Uganda's president, Yoweri Museveni, is not taking part in Thursday's peace talks on Congo. Uganda supports several Congolese rebel groups and has its own troops far inside the country.

Uganda's leader is staying home to campaign in an increasingly close election. His nearest rival, one-time ally Kizza Besigye, is just four percentage points behind him.

President Yoweri Museveni has consistently pushed this Lusaka peace process as the only way forward for Congo. But political realities at home appear to have forced the Ugandan leader to send his international affairs minister to Zambia instead.

The president is in the final weeks of an increasingly tough campaign for re-election. He is scheduled to hold a series of political rallies in northern Uganda while his neighboring heads of state meet to discuss Congo's civil war.

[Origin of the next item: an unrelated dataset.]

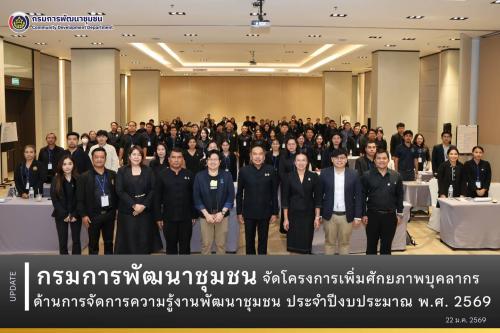 กรมการพัฒนาชุมชน จัดโครงการเพิ่มศักยภาพบุคลากรด้านการจัดการความรู้งานพัฒนาชุมชน ประจำปีงบประมาณ พ.ศ. 2569

President Museveni has been an active participant in the Congolese conflict over the last few years. Uganda and Rwanda backed the rebellion that toppled Zairian dictator Mobutu Sese Seko and put in power Laurent Kabila. When relations there soured, President Museveni helped anti-Kabila rebels launch their war two-and-a-half-years ago.

In an interview with VOA last month, President Museveni said the mistake in the first war was that rebel supporters did not insist on Congolese politicians organizing themselves before the fall of the Mobutu government in Kinshasa. Without this inter-Congolese dialogue as outlined in the Lusaka accord, President Museveni believes there will be no lasting peace. "Mobutu was not fought by Kabila. Mobutu was fought by external forces, especially Rwanda," Museveni continued. "I think therefore the mistake was not to insist on a Congolese dialogue, an inter-Congolese dialogue before the fall of Kinshasa. That was the mistake. And now it may be the same mistake if we do not insist on an inter-Congolese dialogue and we go off with any permutations of other solutions. We shall end up with the sort of problem of Mobutu," Museveni said.

President Museveni has justified his army's involvement in Congo as a national security issue. The army has been active against cross-border raids by militiamen in the Rwenzori mountians. But Ugandan troops are also far inside Congo. The involvement has become less popular at home following a series of scandals about army profiteering and abuse of power.

Retired army colonel Kizza Besigye has used Congo and corruption in general to attack President Museveni's bid for another five years in office. Opinion polls show the president's lead over Mr. Besigye narrowing ahead of the March 7 election.